- US DVD cover
- Directed by: Anna Maria Tatò
- Written by: Anna Maria Tatò
- Produced by: Mario Di Biase
- Starring: Marcello Mastroianni
- Cinematography: Giuseppe Rotunno
- Edited by: Anna Maria Tatò
- Music by: Armando Trovajoli
- Release date: 10 September 1997;
- Running time: 194 minutes
- Country: Italy
- Language: Italian

= Marcello Mastroianni: I Remember =

1997 film

Marcello Mastroianni: I Remember (Marcello Mastroianni: mi ricordo, sì, io mi ricordo) is a 1997 Italian documentary film about the actor Marcello Mastroianni and directed by Anna Maria Tatò.
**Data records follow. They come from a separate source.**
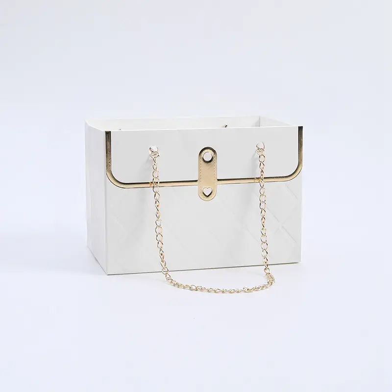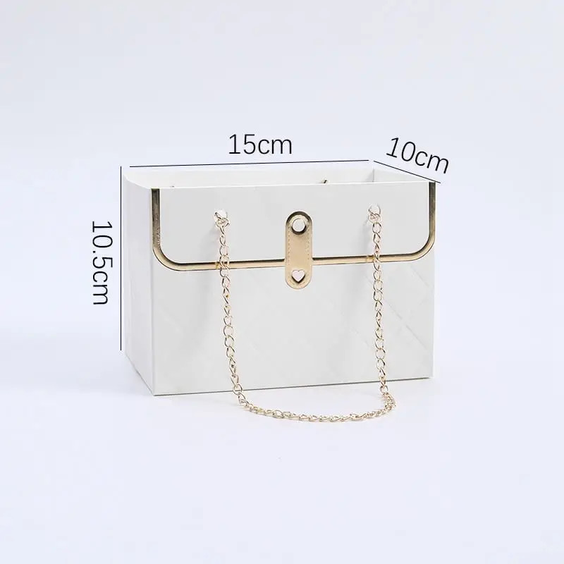 Box wykonany jest z wysokiej jakości papieru w pikowanym wzorze w kolorze czystej bieli, z metalowym łańcuszkiem w odcieniu złota, co nadaje mu charakter luksusowego dodatku. Jego kobieca forma i jasna, klasyczna kolorystyka sprawiają, że idealnie sprawdzi się jako prezent, dekoracja ślubna, kompozycja florystyczna na Dzień Matki czy wyjątkowe urodziny.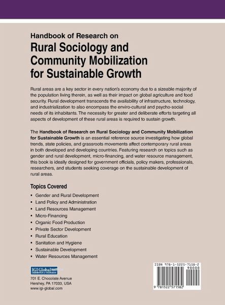 Rural areas are a key sector in every nation's economy due to a sizeable majority of the population living therein, as well as their impact on global agriculture and food security. Rural development transcends the availability of infrastructure, technology, and industrialization to also encompass the enviro-cultural and psycho-social needs of its inhabitants. The necessity for greater and deliberate efforts targeting all aspects of development of these rural areas is required to sustain growth. The Handbook of Research on Rural Sociology and Community Mobilization for Sustainable Growth is an essential reference source investigating how global trends, state policies, and grassroots movements affect contemporary rural areas in both developed and developing countries. Featuring research on topics such as gender and rural development, micro-financing, and water resource management, this book is ideally designed for government officials, policy makers, professionals, researchers, and students seeking coverage on the sustainable development of rural areas.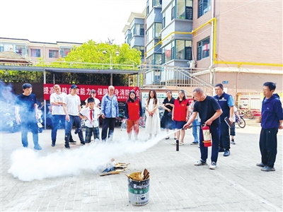 近日,潞州区演武社区联合辖区物业、居民开展消防培训活动,通过实操演示,进一步提高了社区居民消防安全意识与应急处置能力。 英男 摄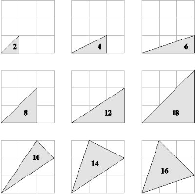 In einer Pressemitteilung skizziert das Institut für aberkannte Mythologie der Universität von Middlesix ein denkbares Szenario. Danach hat Kolumbus in der unerforschten Karibik ein innovatives Navigationssystem von Leonardo getestet. Für so eine Probe gibt es bis heute kein geeigneteres Gebiet als das Kubus-Archipel, dessen Inseln jeweils exakte zwei Seemeilen Abstand zu ihren nächsten Nachbarn haben. Die Aufgabe für Kolumbus wird gelautet haben, so viele Dreiecke mit unterschiedlichem, jedoch ganzzahligem Flächeninhalt zu segeln wie möglich. Noch weiß niemand, wie viele verschiedene Dreiecke das sein könnten und wie groß jeweils deren Flächeninhalte wären. Ein Grund, weshalb die erste Reise des Kolumbus so lange gedauert hat? Gelingt es Ihnen, die Antworten schneller zu ermitteln? Vielleicht sogar ohne Karavellen, nur mit Bleistift und Papier?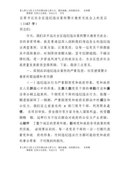 【七哥公文】2025年:区委书记在全区违纪违法案例警示教育交流会上的发言(3347字)+更多免费公文+VX:QiGeGongWen2024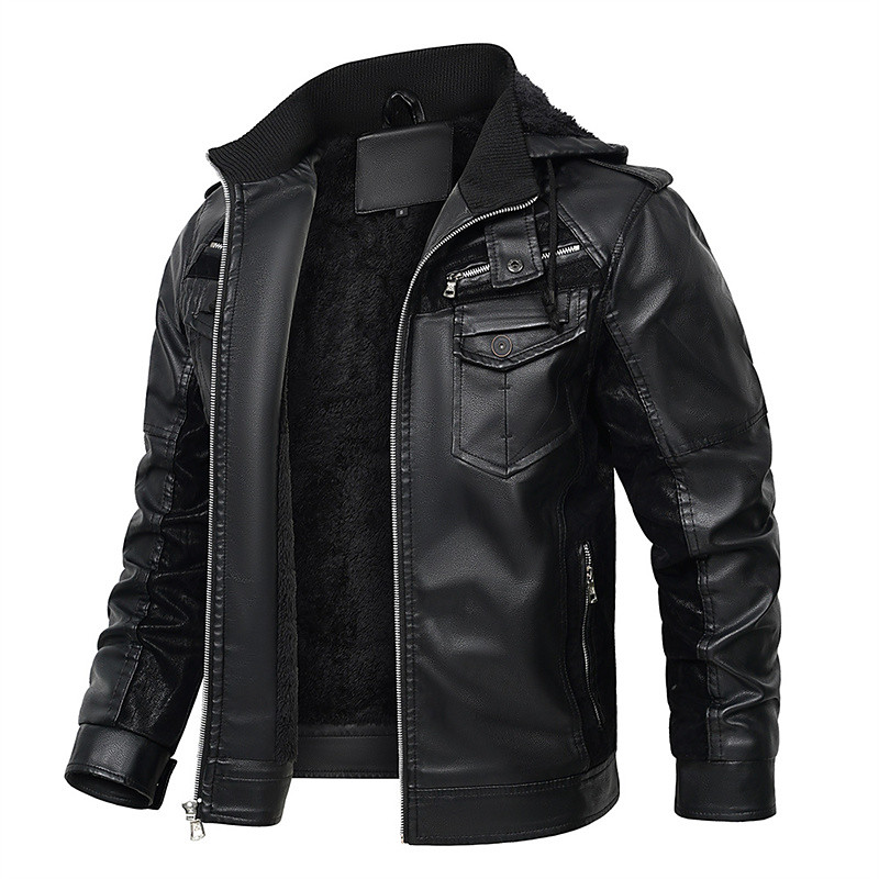 Men's Faux Leather Jacket Fleece Jacket Biker Jacket Motorcycle Jacket Vacation Daily Windproof Warm Pocket Winter Plain Fashion Classic Hooded Regular Black Jacket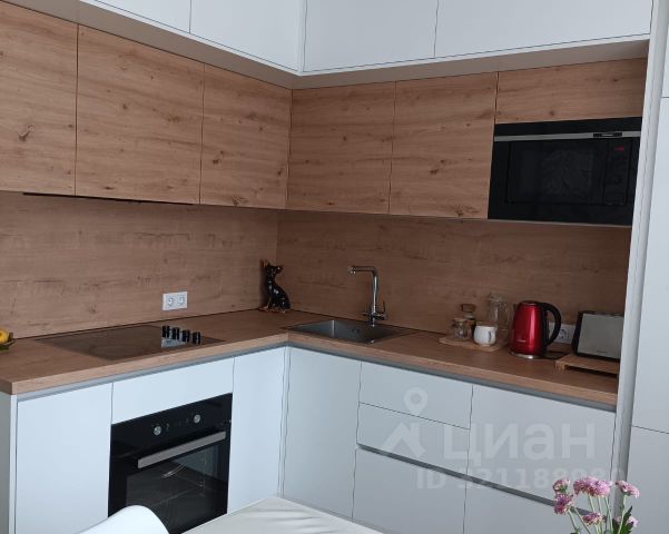 Встроенная кухня с варочной панелью Воsсh и вытяжкой шведского производства (покупалась в IКЕА) остается в подарок. Кухня была изготовлена под заказ, фасады шкафов выполнены из надежного материала акрила. Вся фурнитура иностранного производства, в отличном состоянии. Рабочая зона и ниша для хранения оснащены подсветкой.
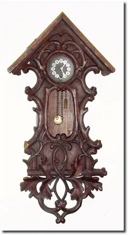C.1930, German, Black Forest Mini Wall clock, in a carved case of oak leaves and branches Ö has more detailed carving than any of this group, but without the top trim, and the case with dry splits.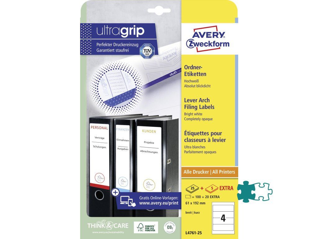 100% krycie papierové etikety na prelepenie neaktuálnych štítkov na chrbtoch zakladačov. Sú vhodné pre tlač vo všetkých druhov tlačiarní a kopíriek. Vďaka inovatívnej technológie ultragrip sa môžete spoľahnúť na bezchybné natiahnutie archu a tlač bez zasekávania. Rozmery v mm : 61 × 192. Farba biela. Etikety na hárku 4 kusy. Balenie 25 + 5 hárkov.Dodatočné parametre
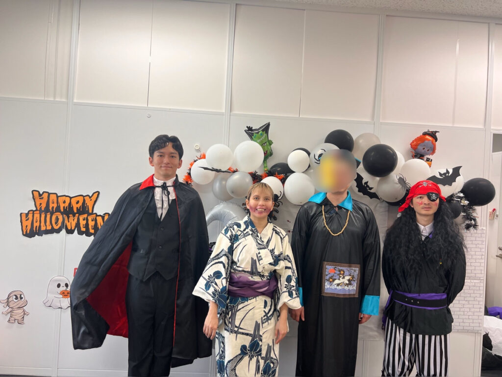 を行います。中高生のみんなだけ頑張るのではなく、僕自身もワークシートに挑戦し、みんなと一緒にコミットさせていただきます!(※写真はハロウィンの様子。左が私です。みんなと楽しいことをするのが好きです!)
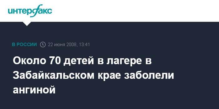 Чита. 22 июня. ИНТЕРФАКС-СИБИРЬ - Двадцать девять детей и один воспитатель госпитализированы в воскресенье с фолликулярной ангиной из одного из оздоровительных лагерей в Читинском районе Забайкальского края.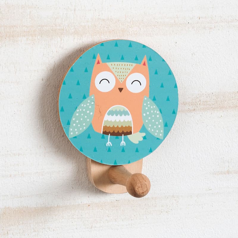 Ξύλινη natural κρεμάστρα τοίχου, διακοσμημένη με στρογγυλό κοπτικό Κουκουβάγια.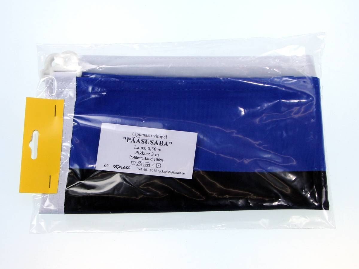 Pääsusabaga mastivimpel Eesti rahvusvärvides - huvitav alternatiiv tavapärasele vimpellipule. Mõõtmetega 30 x 300 cm. Valmistatud 100% polüesterkiust. Sobib kaunistama kodusid aastaringselt, kuid ei asenda kohustuslikul lipupäeval tavapärast riigilippu.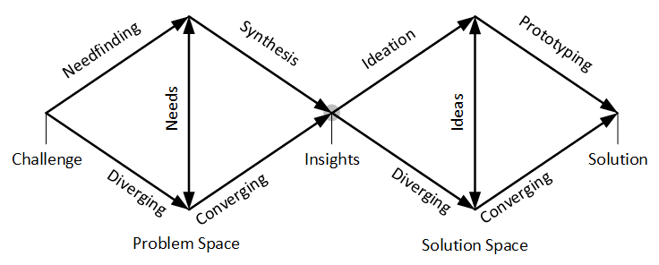 Borrowing from some aspects of Design Thinking, there is a double diamond design process model. I purloined one from the internet that will work for my purposes.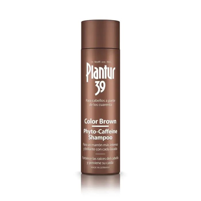 Champú Plantur Brown, diseñado para cabello castaño. Proporciona tonos marrones naturales, intensificando el color con cada uso. Fórmula suave que fortalece el cabello, ideal para uso diario en cabellos teñidos o naturales. Tamaño de 250 ml.

It was screened in the Un Certain Regard section at the 1997 Cannes Film Festival.

==Cast==
- Marcello Mastroianni - Himself
- Renato Berta - Himself
- Manoel de Oliveira - Himself
- Diogo Dória - Himself
- Leonor Silveira - Herself

==Release==
Mastroianni's estranged wife Flora Carabella as well as his former partner, Catherine Deneuve, and their daughter, Chiara Mastroianni, tried to block the film from release. They were unsuccessful and the film went on to play at the 1997 Cannes Film Festival.

==Reception==
On review aggregator website Rotten Tomatoes, the film holds an approval rating of 100% based on 8 reviews, with an average rating of 7.8/10.